As of March 2009, about 1,300 people are baptized members of LCR congregations.

== Distinctive characteristics ==
The LCR believes that the local congregation is the only divinely ordained church organization, and does not refer to synods or denominations as churches. This separates the group from some other conservative Lutherans such as the Wisconsin Evangelical Lutheran Synod.

The congregations of the LCR use the King James Version of the Bible for all public uses, the 1943 "Blue" edition of Luther's Small Catechism in confirmation instruction, and The Lutheran Hymnal of 1941. The LCR does not, however, hold to the King James Only position, since it recognizes the traditional Hebrew and Greek, for the Old and New Testaments respectively, to be authoritative over any translation.

In 1990, the LCR passed a resolution titled "Procreation" stating that birth control, in all forms, is sin, although the denomination "allow(s) for… exceptional cases (casuistry)", for example, when the woman's life or health is at risk.

Congregations of the LCR interpret to support their practice of allowing only males to vote in congregational assemblies. This represents alignment with the most conservative Lutheran bodies in the U.S., and departs significantly from its parent body, the LCMS, which permits its congregations local discretion on the matter.
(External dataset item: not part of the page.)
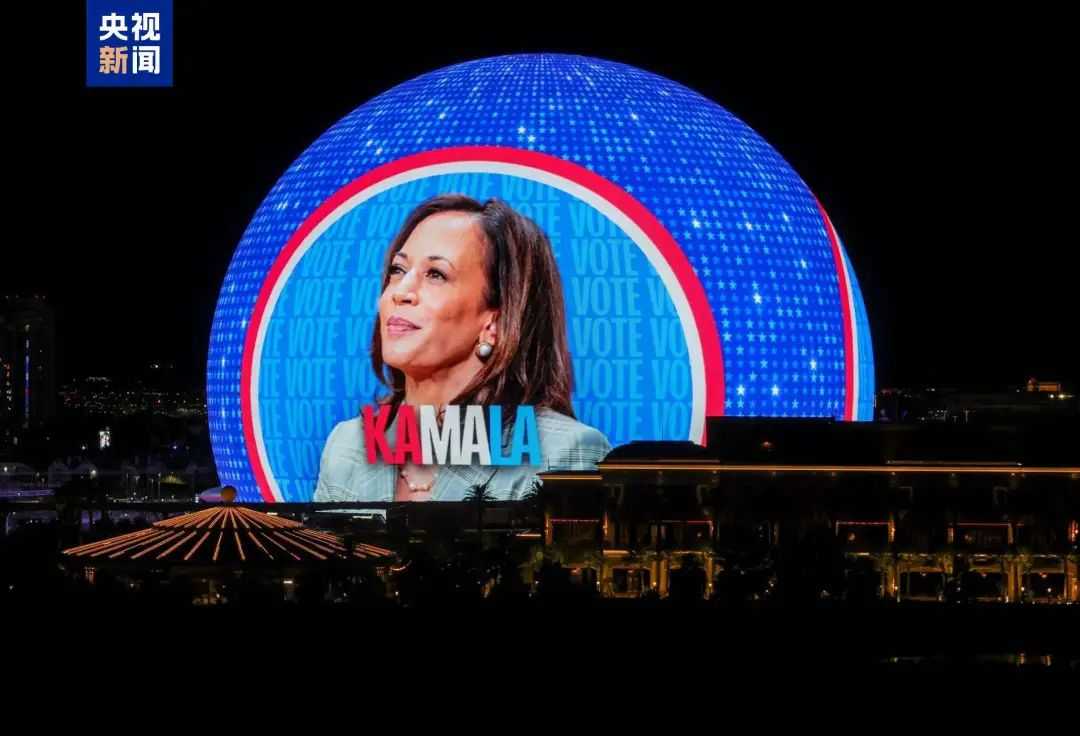哈里斯团队在拉斯韦加斯地标建筑外墙投放的巨幅广告。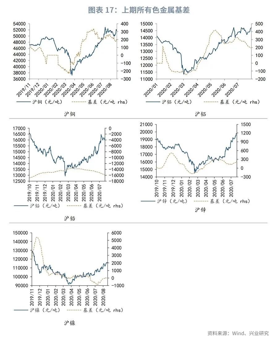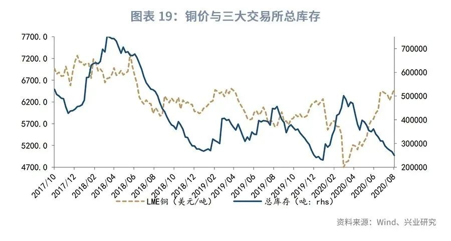 供给方面,当前矿端供应依旧偏紧,TC保持在50美元/吨下方,机构预测今年全球铜产量将有所下滑。不过,疫情对铜矿的干扰高峰期可能已经过去,智利等主要生产国正在恢复生产和运输。世界金属统计局(WBMS)报告显示,1-6月全球铜市供应短缺15.5万吨,而中国表观需求量同比增长14.9%。必和必拓(BHP)预期智利北部的Spence铜矿扩产项目(Spence Growth Option)在投产的前四年,年产可达到30万吨,预计将在2020年12月至2021年3月期间投产。受疫情影响,这一时间比原定的今年7-12月份有所推迟。

The Lutheran Churches of the Reformation hold to Brief Statement of 1932, which confirms the long-held traditional beliefs of the Lutheran Church as documented in the Book of Concord, including: inerrancy of Scripture, divine creation in six days, a young earth, the divine institution of the local congregation and of the local office of the ministry, closed fellowship, and of the antichrist.